Вполне возможно, сказал слуга, удаляясь. Но ничего лучшего нет.
Гаусс со стоном принудил себя лечь на нары. Подушка жесткая, и от нее плохо пахнет. Он положил на нее свою шапочку, но и это не помогло. Он долго не мог уснуть. Болела спина, воздух был спертый, к тому же он боялся привидений и, как и всякий другой вечер, ему не хватало Иоханны. Стоило ему только упустить из виду какой-то момент, и вот уже, пожалуйста, на него взвалили чиновничьи обязанности, он таскался по лесам и вступал в переговоры с крестьянами из-за их кривобоких деревьев. Только сегодня он заплатил после обеда за одну старую березу впятеро больше того, что она стоила. И потом еще целую вечность ждал, пока его помощники наконец-то спилили упрямое дерево и он смог визировать теодолитом световой сигнал Ойгена. Разумеется, этот осел подал сначала сигнал не в том направлении! Завтра они встретятся, и ему придется ломать голову, как с того места самое большее по двум линиям теодолитного хода привязать его к следующему опорному пункту. В этом заключалась теперь его профессия. Книга по астрономии давно вышла, в университете он числился временно уволенным в отпуск. Как ни крути, а эта работа хорошо оплачивалась, и если ты не совсем дурак, то разными способами можно и еще кое-что подзаработать. С этими мыслями он заснул.

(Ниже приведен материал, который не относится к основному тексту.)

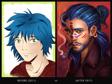 I wanted to try another "Before and After" piece over the weekend. The original from 2011 is rather boring so I made sure to make the newer version more interesting and quirky.Update on the RPG project - game is progressing nicely! The last few months have been hectic but we're getting there. So while we wait - please enjoy some weekend paintings

Ранним утром Гаусс проснулся от кошмарных сновидений. Он увидел себя во сне лежащим на деревянных нарах и видящим сон, будто он лежит на нарах и ему снится, как он лежит на этих нарах и видит дурной сон. С тяжелым чувством и тоской на сердце он сел и сразу понял, что пробуждение ему только еще предстоит. В несколько секунд он переместился из одной реальности в другую, затем в следующую, но ни одна из них не предложила ему ничего лучшего, кроме этой грязной дыры с гнилым сеном на полу и ржавым ведром с водой в углу. Один раз в дверях возникла высокая, расплывчатая фигура, в другой раз в углу лежал мертвый пес, а потом вошел ребенок с деревянной маской на лице, но прежде чем он ясно успел его разглядеть, тот снова исчез. Когда же вконец измученный Гаусс сидел на краю своего ложа и смотрел в солнечное утреннее небо, он не мог отделаться от чувства, что на шаг разминулся с той действительностью, в которой ему было уготовано место. Он побрызгал холодной водой на лицо и подумал об Ойгене, с которым ему предстояло встретиться во второй половине дня. Его настроение, как всегда, улучшится, котда он накричит на него. Он оделся и, зевая, вышел из комнаты.

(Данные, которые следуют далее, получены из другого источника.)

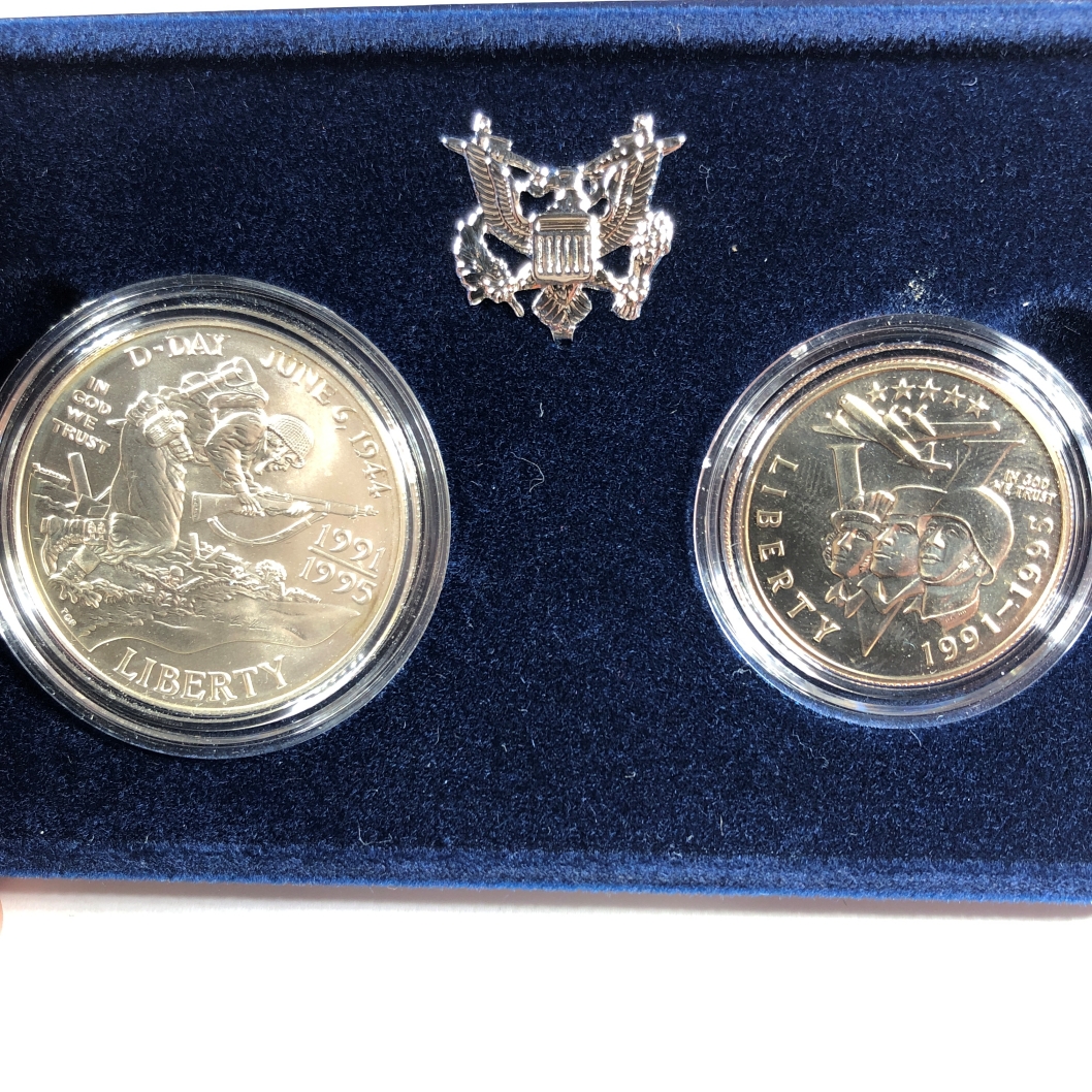 1991-1995 World War II 50th Anniversary Uncirculated Silver Dollar and Clad Half Dollar *in Original Box

Он прошел анфиладой комнат, увешанных сильно пострадавшими от времени портретами: серьез ные мужские лица, написанные довольно неумело, слишком толстый слой красок. Заляпанная деревянная мебель, покрытая пылью. Задумчиво остановился перед зеркалом. Ему не понравилось, что он там увидел. Он выдвинул несколько ящиков стола, они были пусты. И с облегчением обнаружил решетчатую дверь в сад.

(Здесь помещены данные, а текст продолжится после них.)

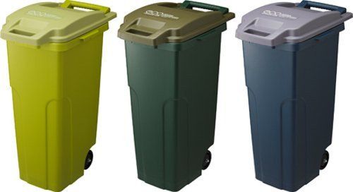 本体・フタ・フタロック・ポリ袋止め・ホイール・ハンドル:ポリプロピレン、排水栓・重りカバー:ポリエチレン、フタパッキン:発砲ポリエチレン、ワッシャー・ネジ・重り・車輪軸:鋼(スチール)、タイヤ:エラストマー

Сад был распланирован с удивительной тщательностью. Пальмы, орхидеи, апельсиновые деревья, причудливых форм кактусы и всевозможные растения, каких Гаусс никогда не видел даже на картинках. Под башмаками скрипел гравий, лиана сверху сорвала с его головы шапочку. Пахло чем-то сладковатым, на земле лежали лопнувшие от спелости фрукты. Растительность становилась все гуще, дорожка сужалась, ему пришлось пригибаться при ходьбе. Что за расточительность! Оставалось только надеяться, что здесь нет, не дай бог, еще каких-нибудь заморских насекомых. Протискиваясь промеж двух пальм, он зацепился за что-то курткой и чуть не упал на колючий кустарник. А потом он вышел на лужайку. В кресле, все еще в шлафроке, с взъерошенными волосами и босиком, сидел граф и пил чай.
Впечатляет, сказал Гаусс.
Раньше было намного лучше, ответил граф. Садовники сейчас очень дорогие, да и французские постояльцы многое попортили. Он объяснил, что сам вернулся сюда совсем недавно. Он был в Швейцарии, эмигрант, так сказать, но обстоятельства в последнее время несколько изменились. Не хочет ли господин геодезист присесть?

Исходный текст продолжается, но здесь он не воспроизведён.